### Aim of the exercise
Reproduce the listing in full, pictures excluded.

### Information provided
-=-=-=-=-

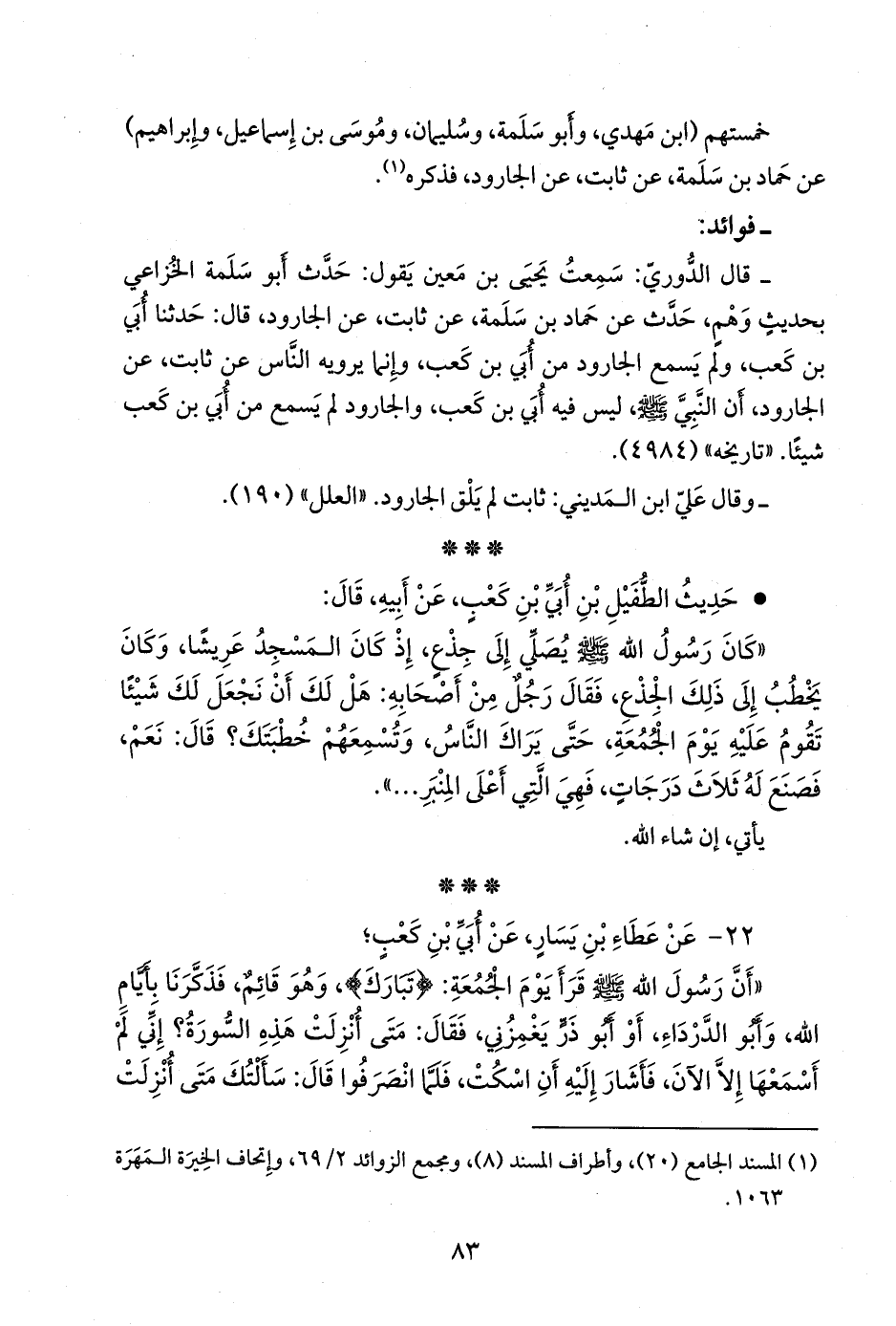- قال عباس بن محمد الدُّوري: سمعتُ يحيى بن مَعين يقول: حَدث أَبو سلمة الخُزاعي بحديث وَهْمٍ، حَدث عن حماد بن سلمة, عن ثابت, عن الجارود، قال: حدثنا أُبَي بن كعب, ولم يَسمع الجارود من أُبَي بن كعب, وإِنما يرويه الناس عن ثابت, عن الجارود, أَن النبي صَلى الله عَليه وسَلم , ليس فيه أُبَي بن كعب, والجارود لم يَسمع من أُبَي بن كعب شيئًا. «تاريخه» (٤٩٨٤).
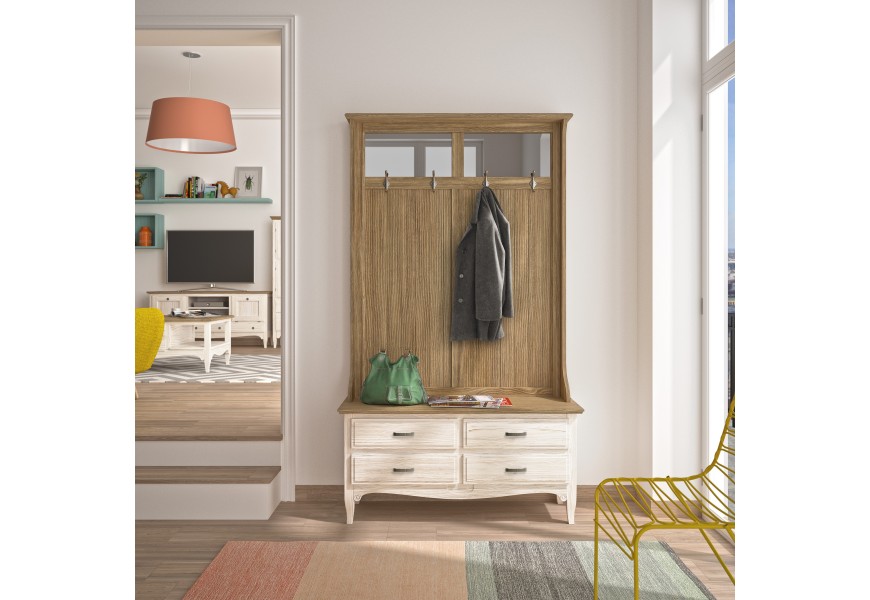 Exkluzívna chodbová zostava z kolekcie FONTANA sa radí medzí nadčasový, masívny nábytok prvotriednej kvality. Zostava okrem elegantného vzhľadu s prvkami rustikálneho štýlu ponúka množstvo praktického úložného priestoru pre vaše topánky, zvrchníky, či iné doplnky. Chodbovú zostavu možno rovnako ako všetok nábytok kolekcie FONTANA farebne upraviť na mieru podľa vzorníka dreva. Vašu požiadavku stačí napísať do poznámky pri vytváraní objednávky.
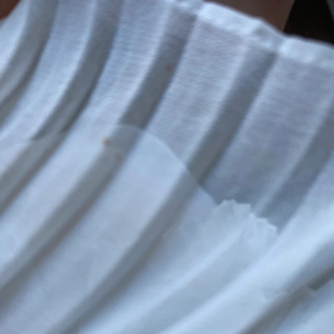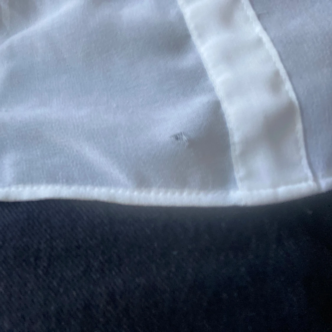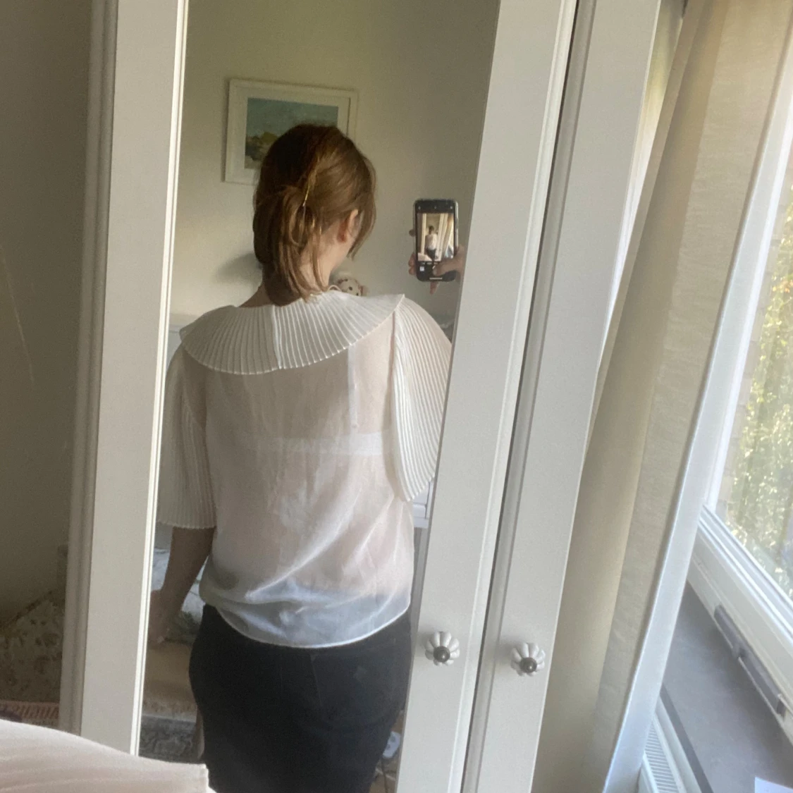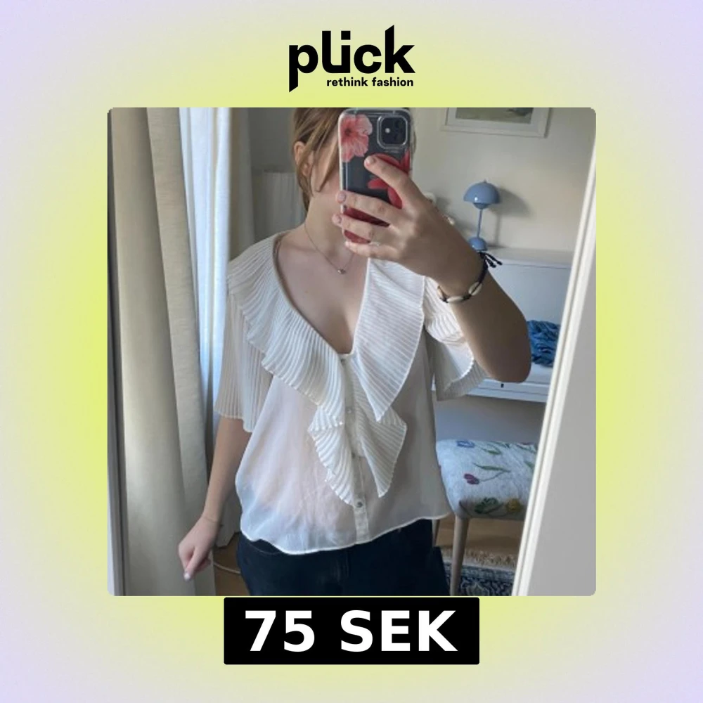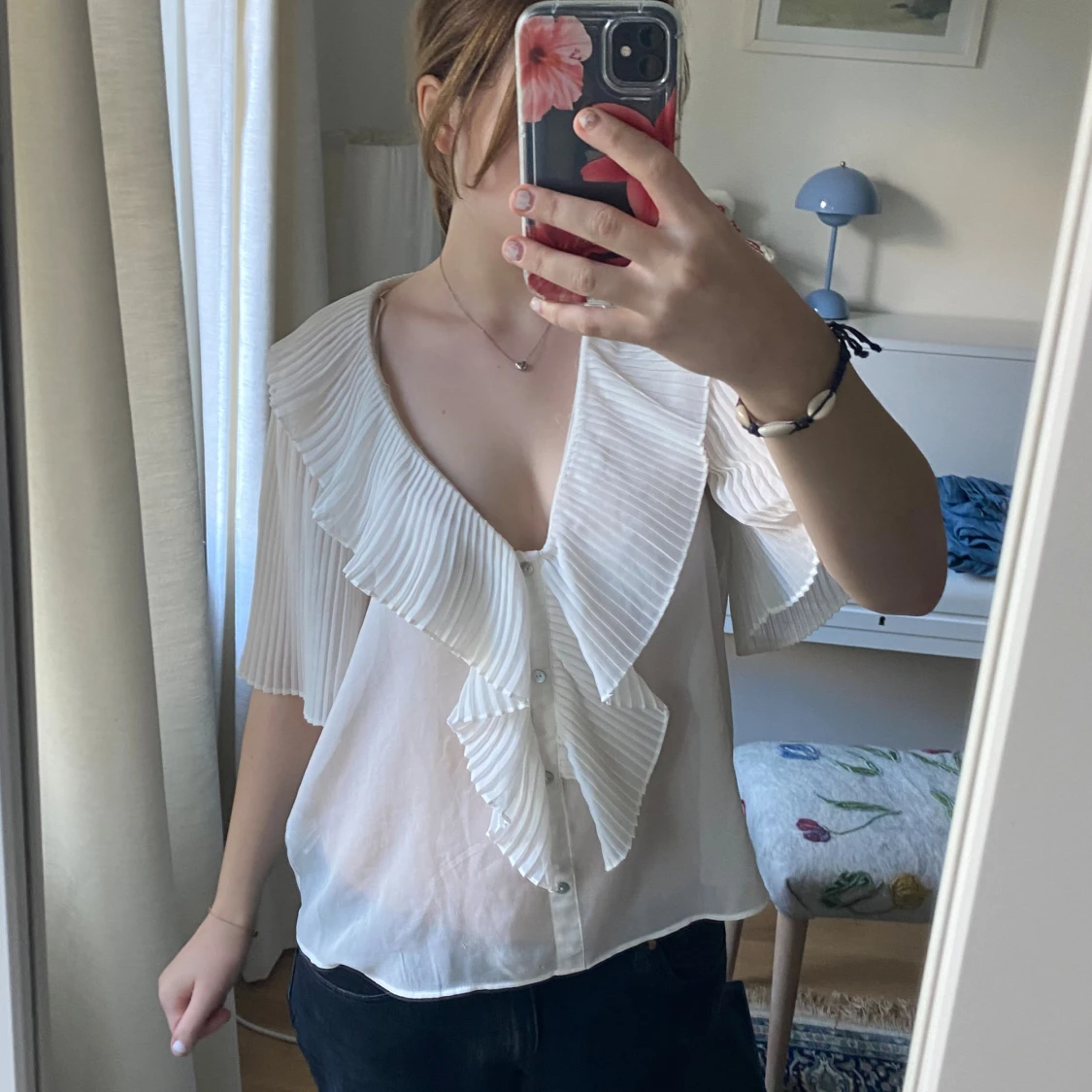 Säljer en genomskinlig luftig vit blus med djup v-ringning, stora plisserade volanger längs kragen och framtill. Knappar framtill och korta ärmar. Tunt, transparent tyg som känns lätt och somrigt. Lite tomatfläclar och ett litet hål men syns inte på avstånd💕

-=-=-=-=-

### Response area
- قال عباس بن محمد الدُّوري: سمعتُ يحيى بن مَعين يقول: حَدث أَبو سلمة الخُزاعي بحديث وَهْمٍ، حَدث عن حماد بن سلمة, عن ثابت, عن الجارود، قال: حدثنا أُبَي بن كعب, ولم يَسمع الجارود من أُبَي بن كعب, وإِنما يرويه الناس عن ثابت, عن الجارود, أَن النبي صَلى الله عَليه وسَلم , ليس فيه أُبَي بن كعب, والجارود لم يَسمع من أُبَي بن كعب شيئًا. «تاريخه» (٤٩٨٤).
 Exkluzívna chodbová zostava z kolekcie FONTANA sa radí medzí nadčasový, masívny nábytok prvotriednej kvality. Zostava okrem elegantného vzhľadu s prvkami rustikálneho štýlu ponúka množstvo praktického úložného priestoru pre vaše topánky, zvrchníky, či iné doplnky. Chodbovú zostavu možno rovnako ako všetok nábytok kolekcie FONTANA farebne upraviť na mieru podľa vzorníka dreva. Vašu požiadavku stačí napísať do poznámky pri vytváraní objednávky.
 Säljer en genomskinlig luftig vit blus med djup v-ringning, stora plisserade volanger längs kragen och framtill. Knappar framtill och korta ärmar. Tunt, transparent tyg som känns lätt och somrigt. Lite tomatfläclar och ett litet hål men syns inte på avstånd💕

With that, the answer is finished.